King went directly from Morehouse College to Crozer Theological Seminary. While enrolled there, he studied the writings of a wide range of pastors and activists, including Gandhi.
After he graduated from Crozer in 1951, King continued his theological education at Boston University. While working on his doctorate, King deepened his understanding of nonviolent activism, according to his autobiography.
King launched his preaching career while he was still a student, serving as an associate pastor at his father’s church, Ebenezer Baptist in Atlanta, despite spending most of the year out of town.
When he had nearly completed the doctorate program at Boston University, King agreed to become the full-time pastor at Dexter Avenue Baptist Church in Montgomery, Alabama. It was there that his life as a civil rights leader began to take shape, according to Christianity Today.
“In December 1955, a young Montgomery woman named Rosa Parks was arrested for refusing to relinquish her bus seat to a white man. Local pastors rallied the black community for a city-wide bus boycott, named themselves the Montgomery Improvement Association, and unanimously elected King as president,” the article said.
How did faith inform Martin Luther King Jr.’s civil rights work?
The success of the Montgomery bus boycott turned King into a national figure. He suddenly had opportunities to speak at events across the country and a big enough following to help launch the Southern Christian Leadership Conference, which coordinated the work of civil rights groups across the South, Christianity Today reported.
As the 1950s drew to a close, King left his post at Dexter Avenue Baptist Church and became co-pastor of Ebenezer Baptist in Atlanta. His preaching career continued to anchor his public activism, but he had less and less time to spend with his church.
Today, King is more often remembered for the speeches he gave at marches and other public events than for his sermons, but the faith leaders who worked alongside him or drew inspiration from him say you wouldn’t have had the speeches without the lesser-known church work.

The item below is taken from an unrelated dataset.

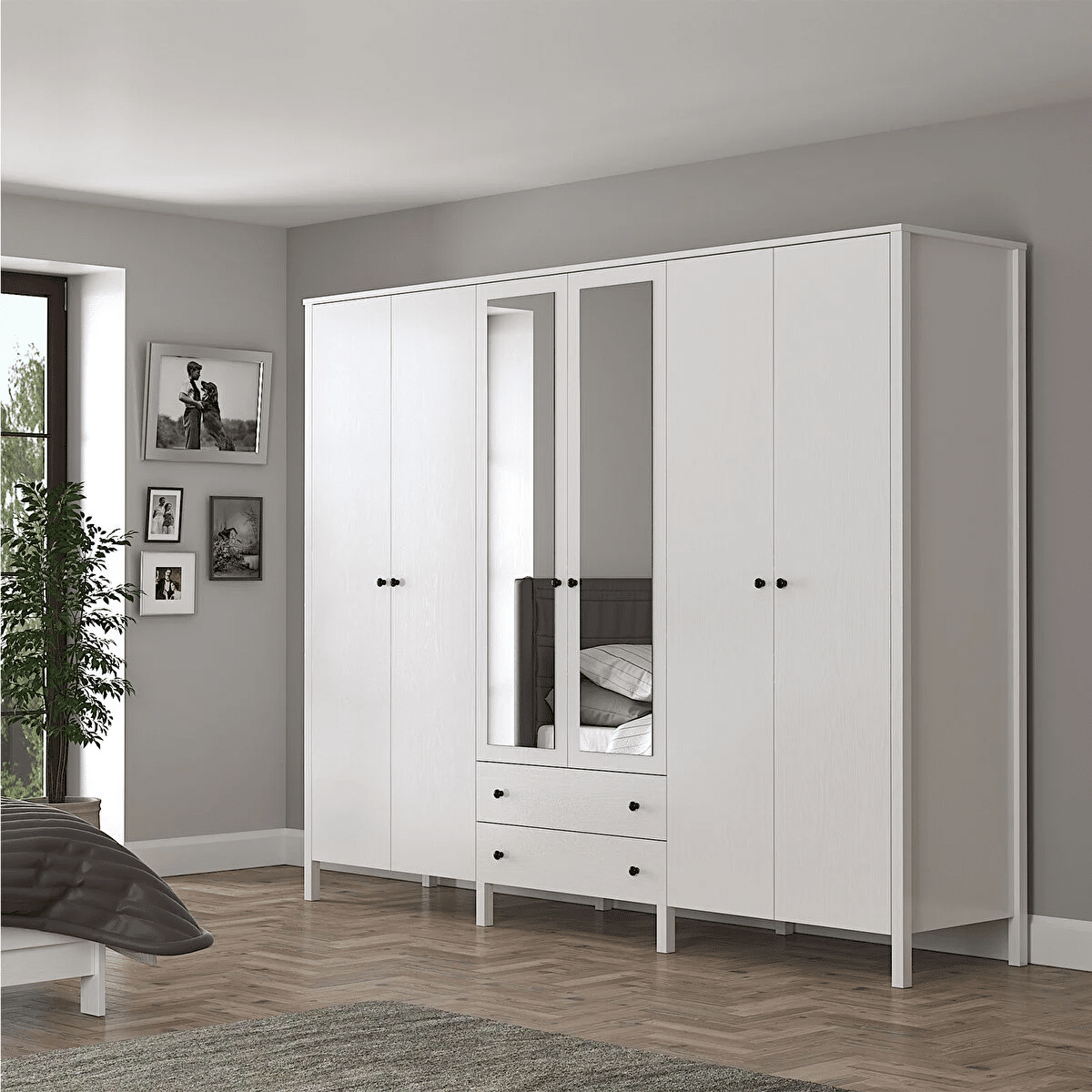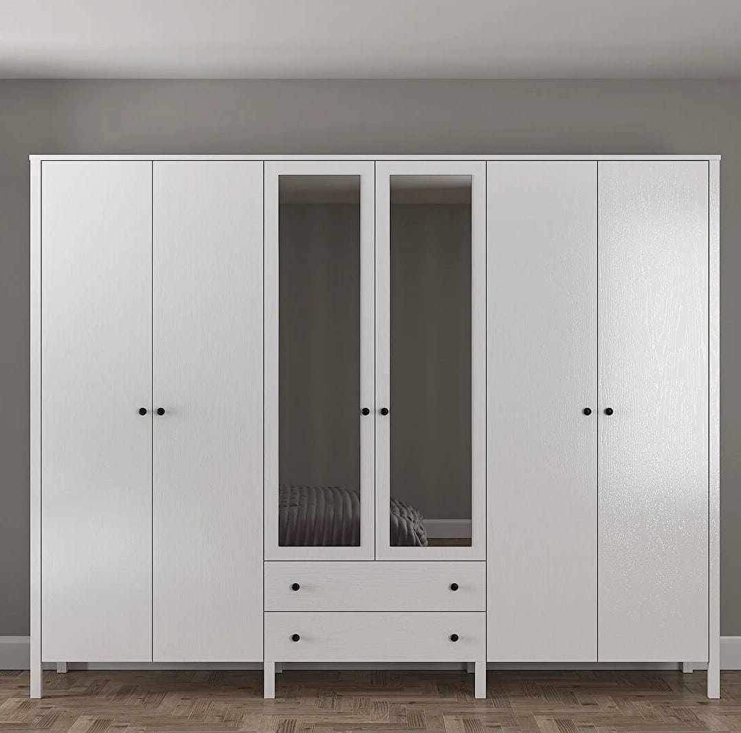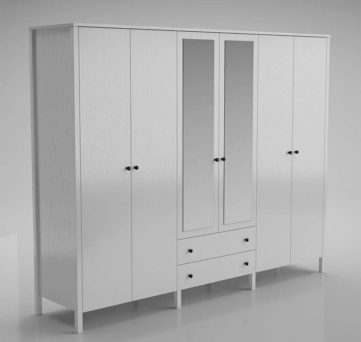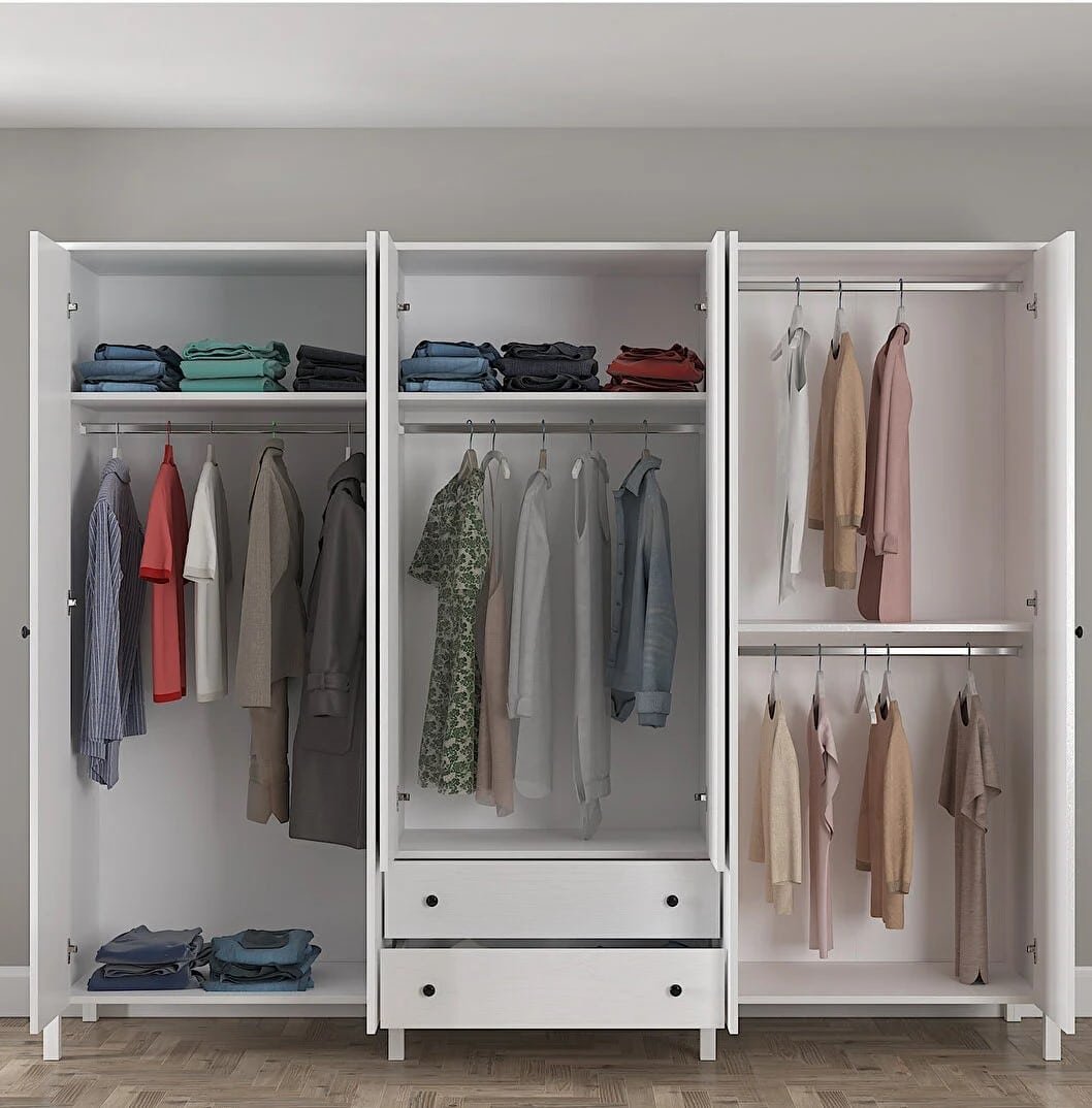 A modern wooden wardrobe made of high-quality wood, characterized by its elegant design and straight lines. The wardrobe provides ample storage space thanks to its hidden drawers and adjustable shelvesIn Stock

Personal faith, as well as deep knowledge of the work of religious thinkers from the past, was at the root of his activism, said Rabbi Barry Schwartz, author of “Path of Prophets: The Ethics-Driven Life,” to the Deseret News in 2018.
“It’s legitimate to quote him in the most general of ways, but I don’t think we should forget that he was an example of religious faith at its best,” he said.
To fully appreciate King’s civil rights work, you have to grasp the role religion played in his life, Rabbi Schwartz added.
“He was motivated by general ideas of justice, but, at the same time, he was coming from a Judeo-Christian perspective,” he said.